This transcription of two movements from my Daniel Pearl tribute, Stories From My Favorite Planet, is for narrator, solo violin, and orchestra features two segments from the larger work. The two movements make a nice concert pairing of dark and humorous. The music alone is 8 minutes. The reading of the articles with the music is a total of 15 minutes.

The first piece is a powerful Wall Street Journal story set in Kosovo where Danny tries to discover if any Serb and Albanian friendships still remain amidst the war. The music that follows, “Tears in Kosovo,” is an expressive soliloquy with resonance of Eastern European folk harmonies.

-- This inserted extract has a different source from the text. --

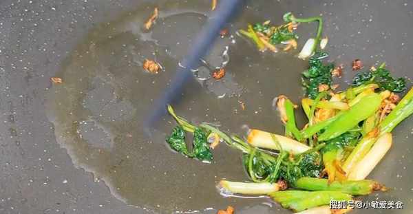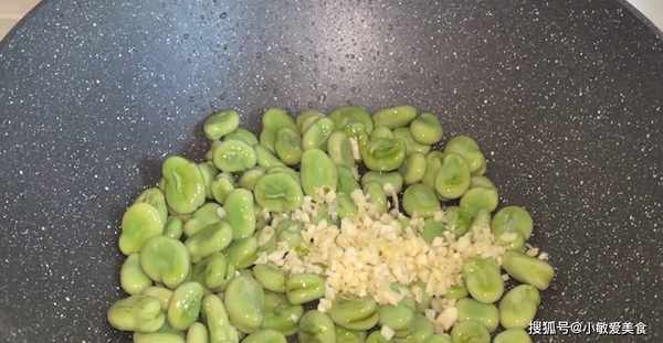 4、鍋裡加油,把蠶豆倒進來,大火翻炒,蒜末也放進來炒香,炒至蒜末開始發黃,把蒜苔加進來,來點鹽調味,加入少許的開水,悶一會,把蠶豆充分的燜熟,燜入味。
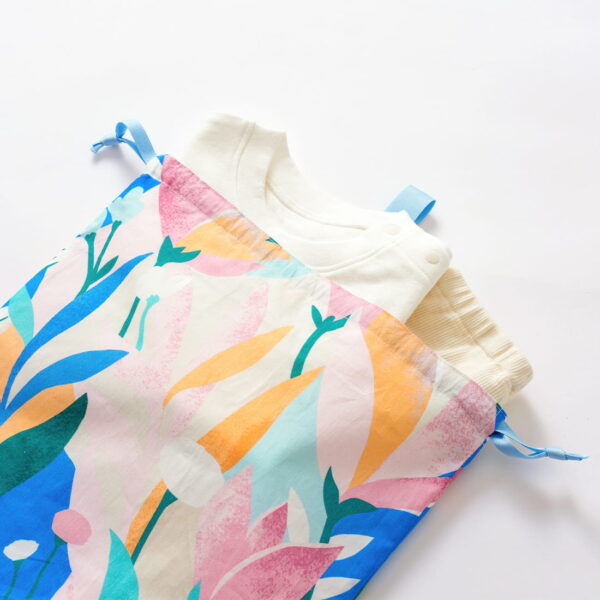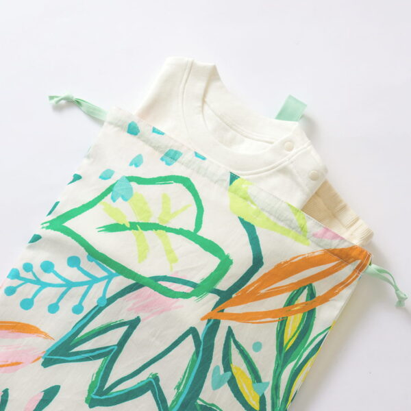 稀に生地にオーガニックコットンの綿カス(綿の葉・茎・実などの枯れた部分)や、空気中のほこり、繊維が混ざることがございます。これらはコットンを手摘みしているがゆえに起こるものや、薬剤を使用して不純物を取り除いていないために残るオーガニックコットンの特徴になります。

Danny’s article on the rediscovery of a UCLA-owned Stradivarius violin became one of the Wall Street Journal’s most popular stories. The violin had fallen off the roof of a musician’s car 25 years earlier. When rediscovered by a luthier,  the new owner was loathe to return it because she says it’s the only violin that lets her play in tune! Musically, I couldn’t resist setting this movement as a tango, the “Missing Violin Tango.” In between the tango are ridiculous passages of scales “in honor” of the student who didn’t want to give up the Stradivarius!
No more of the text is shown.